Alyisse Pugh and Virginia Fagg updated the Cabarrus County Board of Commissioners on Jan. 5 about funds from the national opioid settlements and requested a new spending authorization to continue and extend existing recovery supports into FY27.
Pugh said North Carolina’s settlement led to an allocation of about $1.5 billion to the state, with a portion distributed to local governments. "Here in Cabarrus County, we are slated to receive the latest number that's on the website is that $22,000,000," she said, and noted that recent sign‑ons will likely increase the county’s total to about $24–25 million between 2022 and 2038. She added that roughly $6.8 million has already been received and that funds are front‑loaded.
Virginia Fagg, the county’s opioid settlements program manager, reviewed current strategy allocations: a collaborative strategic planning process completed in June 2024 enabled the county to tap option B strategies (a longer list of allowable activities); current subrecipients include Cabarrus Health Alliance, Southeastern Recovery Center, Adult & Teen Challenge and Bridge to Recovery for recovery supports, plus programs for early intervention in schools, inmate treatment continuity, reentry work and marketing/awareness.
Staff requested authorization to extend funding for several primarily faith‑based recovery support providers and for additional training (including county staff and partner agencies), and to conduct a new collaborative strategic planning cycle later in 2026 so the county may continue option B activities. Pugh emphasized that settlement funds must supplement, not supplant, existing programs and that decisions are subject to the memorandum of agreement and technical‑assistance review.

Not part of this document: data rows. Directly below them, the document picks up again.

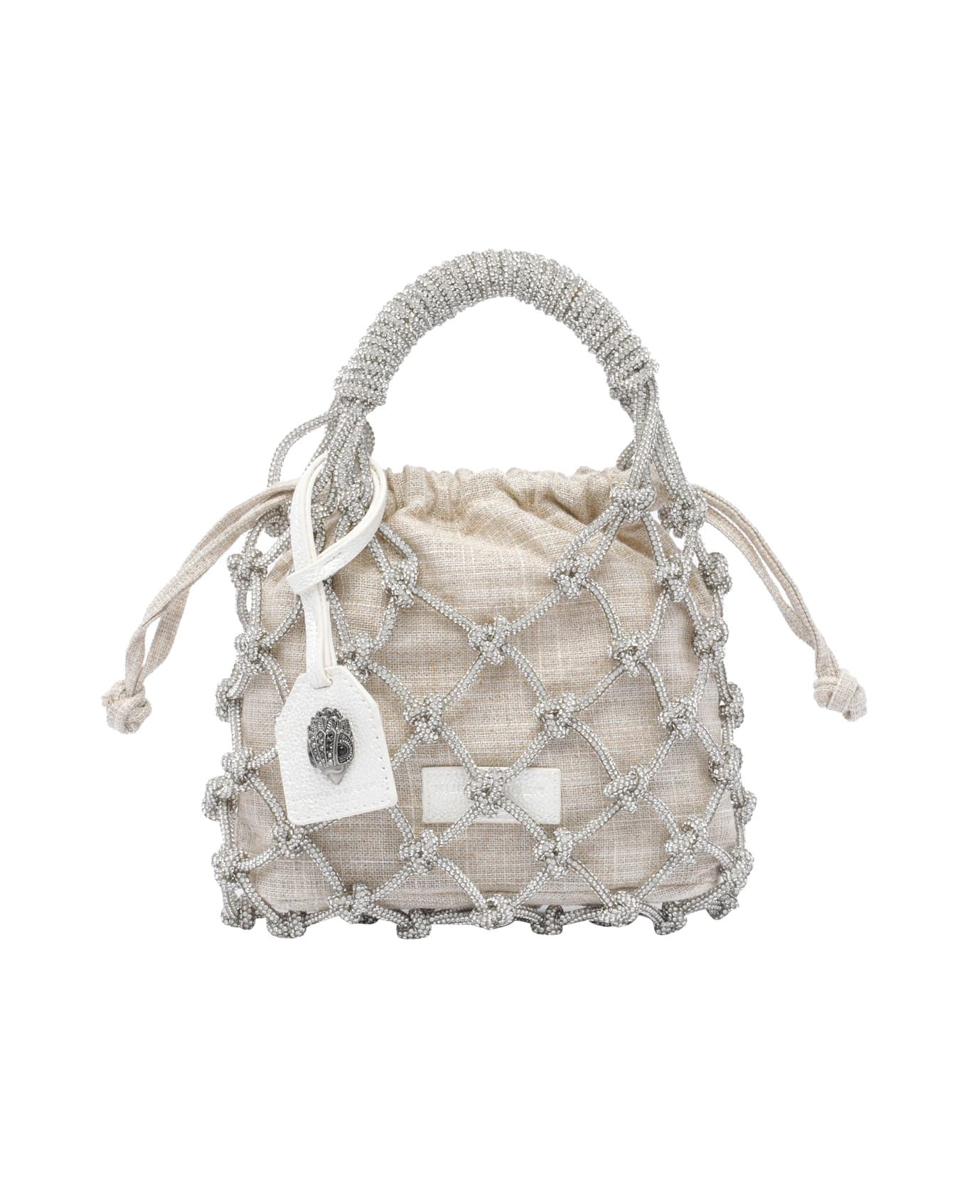 Kurt Geiger silver Small Macrame Crystal handbag, coulisse closure, 2 handles, frontal charm logo Composition: 50% Glass, 50% Resin Gluer, 100% Polyurethane
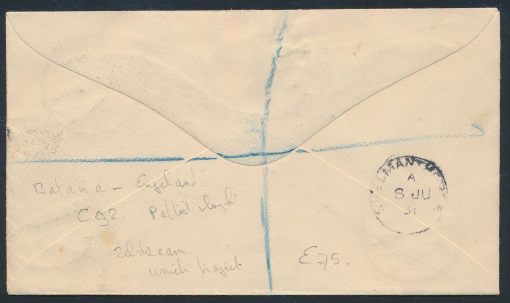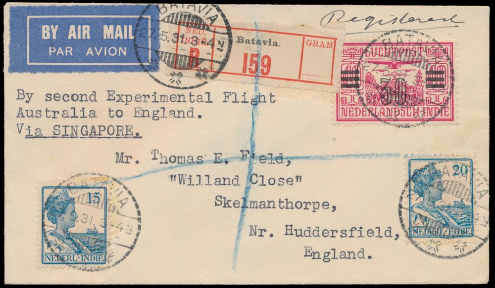 3896 image1931 Registered airmail letter "by Second Experimental Flight Australia to England" via Singapore from Batavia to Skelmanthorpe (Great Britain), interesting item, vf(Image 1) (Image 2)
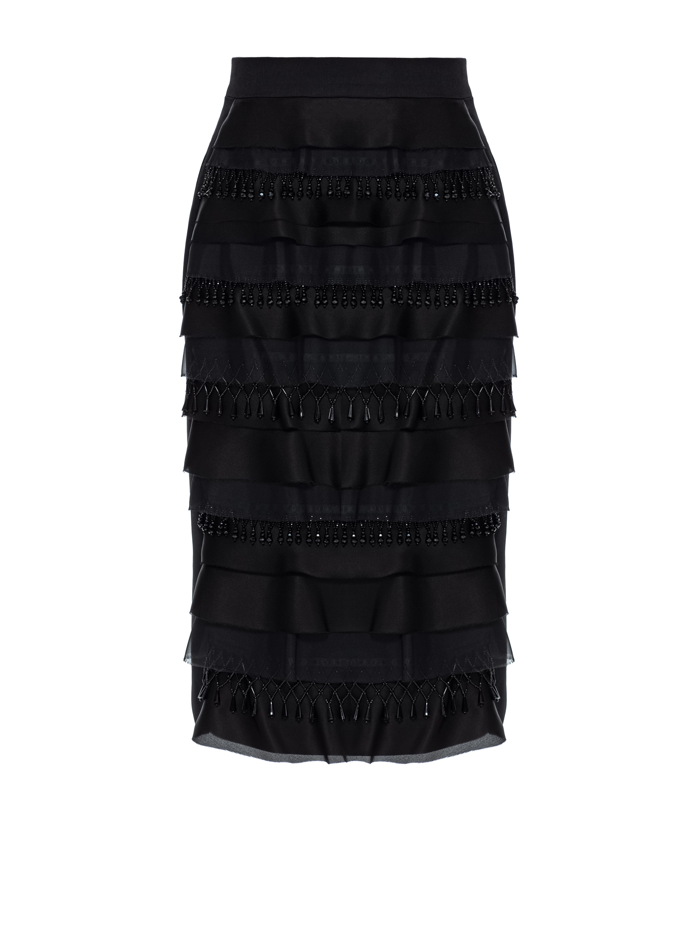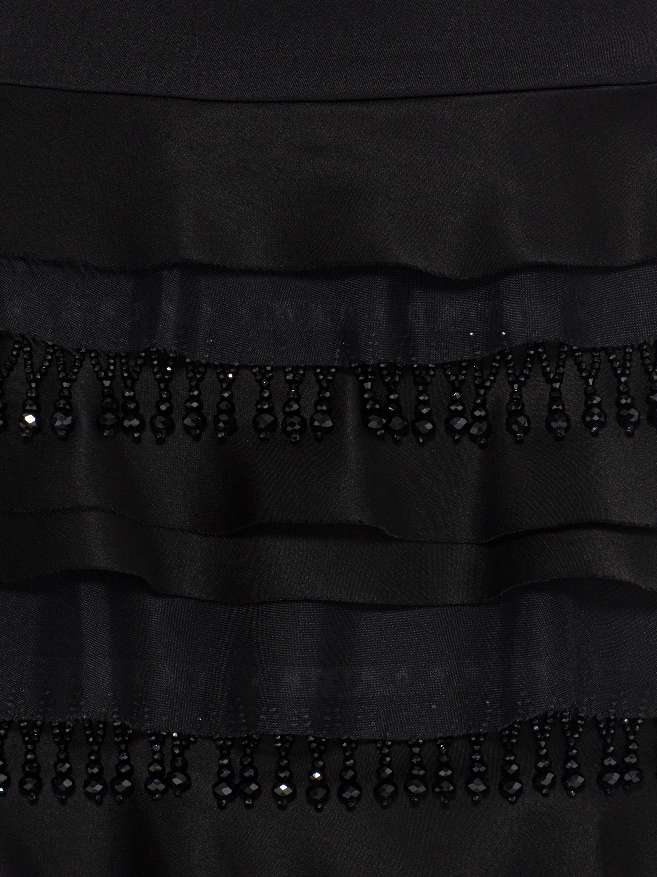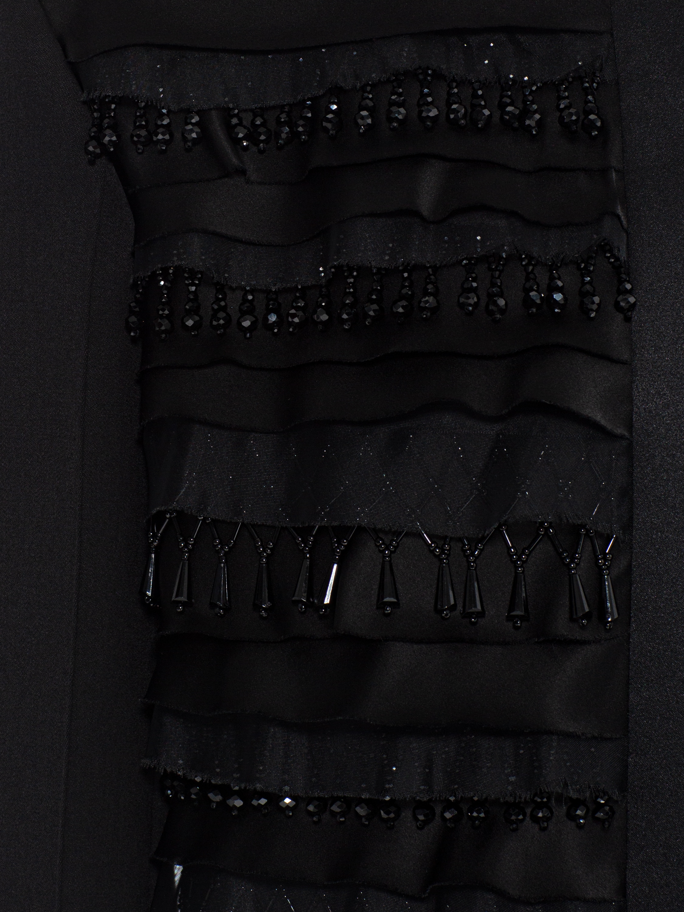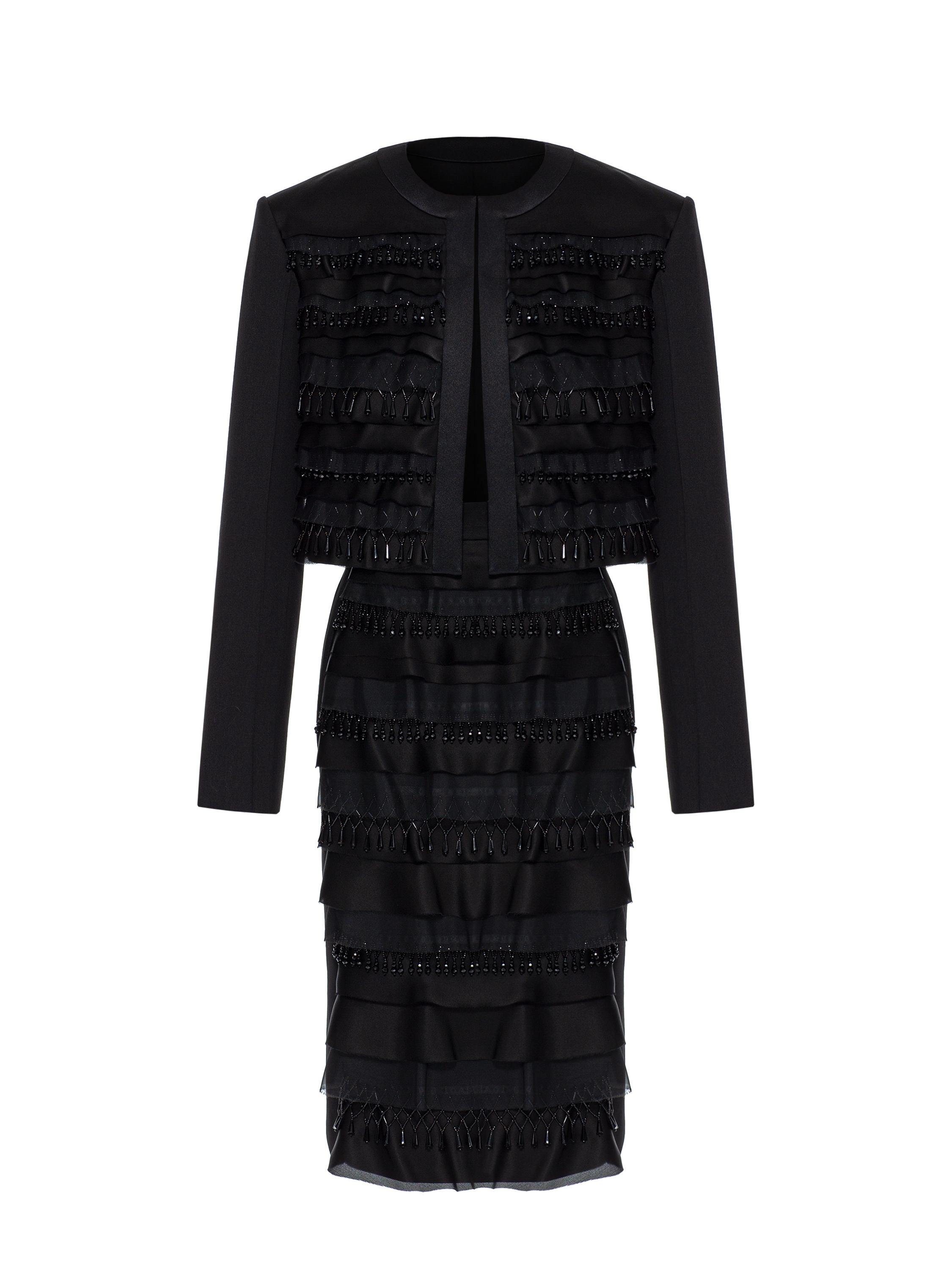 The minimalist black two-piece suit consists of a cropped jacket and a midi skirt. The set is decorated with textured organza tiers and handcrafted beaded fringe.
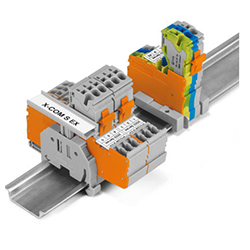 WAGO的可插拔X-COM®S-SYSTEM軌裝式接線端子也可提供防爆認證。這些版本提供“nA”類型的保護,并獲準在2區危險區域使用。
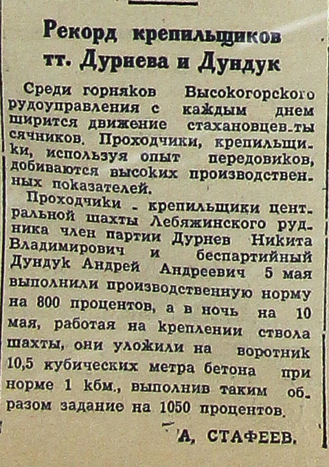 Проходчики-крепильщики центральной шахты Лебяжинского рудника член партии Дурнев Никита Владимирович и беспартийный Дундук Андрей Андреевич 5 мая выполнили производственную норму на 800 процентов, а в ночь на 10 мая, работая на креплении ствола шахты, они уложили на воротник 10,5 кубических метра бетона при норме 1 кбм., выполнив таким образом задание на 1050 процентов.
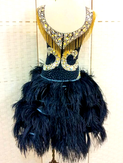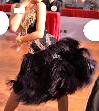 スカートには羽根がたっぷり使われボリューミ−です。
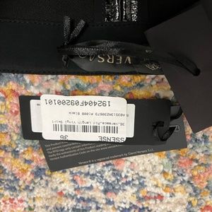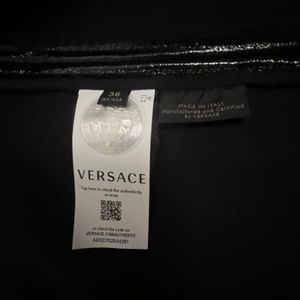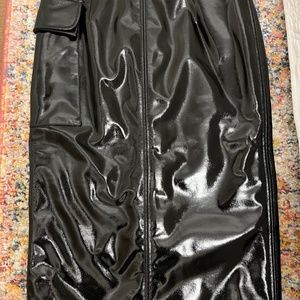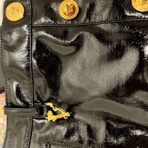 Mid rise black vinyl skirt. Pocket on hip. Belt looped waist. Carved logo hardware at front waistband. Snap front. New with tags. Authentication verified.
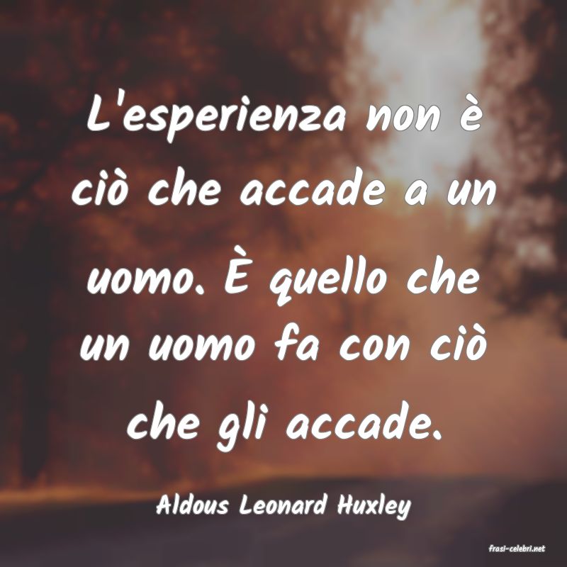 L'esperienza non � ci� che accade a un uomo. � quello che un uomo fa con ci� che gli accade.
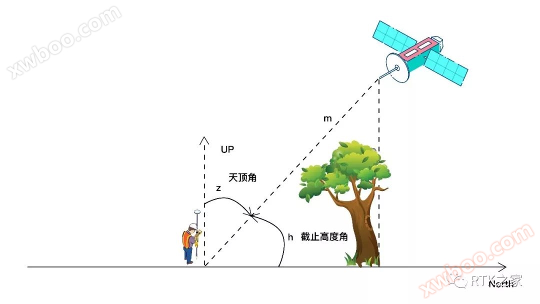 这么说大家容易理解一点,截止高度角其实就是高度角,可以把m当做截止线,因为卫星发射出来的信号被树挡住了,我们需要设定一个角度来屏蔽这个信号,就设h为截止高度角,屏蔽这个角度内的所有卫星信号。
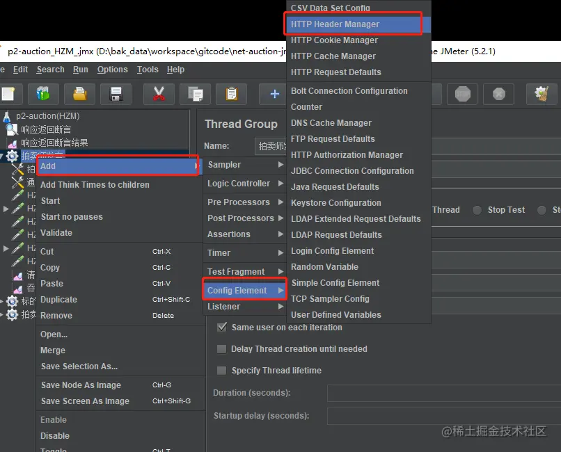 如果需要在Jmeter中发送带Http Header信息的数据时,可以在线程组中新增一个配置元素,如下图:
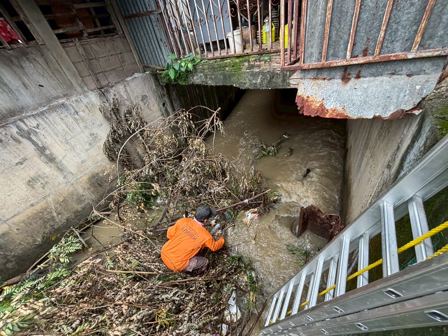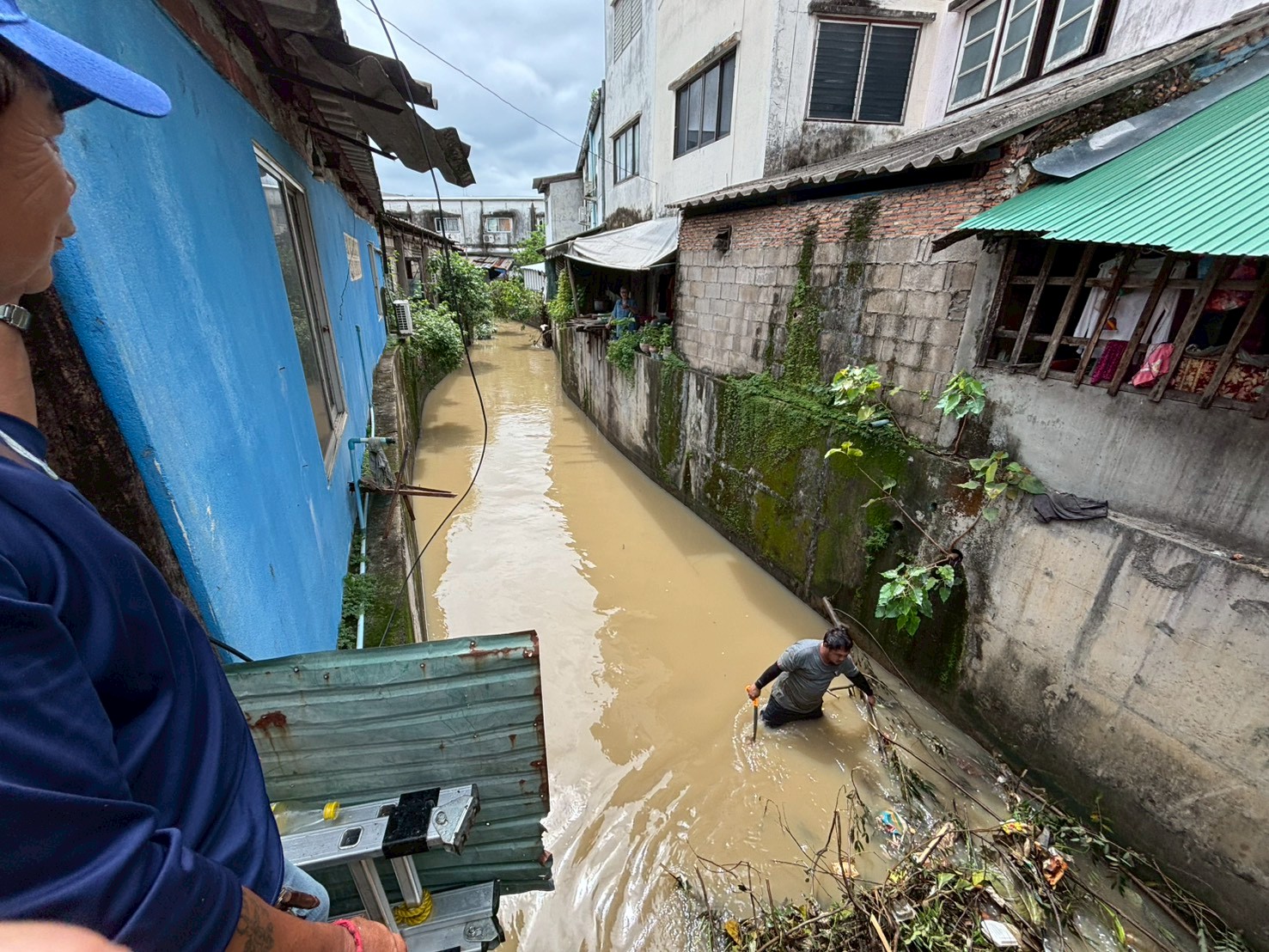 3. ได้เข้าดำเนินการเก็บเคลียร์กิ่งไม้ออกจากรางระบายน้ำ บริเวณศาลพ่อท้าว ตลาดศรีมอย
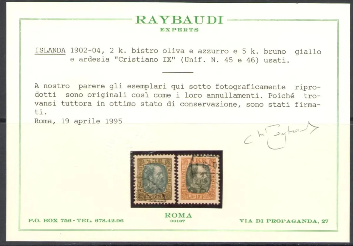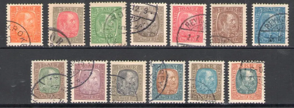 1902-04 ISLAND, 13 Werte Nr. 34B/46 Raybaudi Zertifikat - Gebraucht - Bildnis König Christian IX Einheitskatalog Euro 380 - grüne Box Ausland

Several commissioners expressed concern about wording in the draft resolution that lists "TBD community organizations" as potential providers; they asked county attorneys to confirm controls and to ensure any additions are vetted and specifically authorized. County attorney Doug was asked to review the resolution language and return with edits; the board agreed to place the item on the Jan. 20 action agenda rather than approving it at the work session.
No expenditures were authorized at the work session; staff will present an edited resolution and supporting documentation after legal review.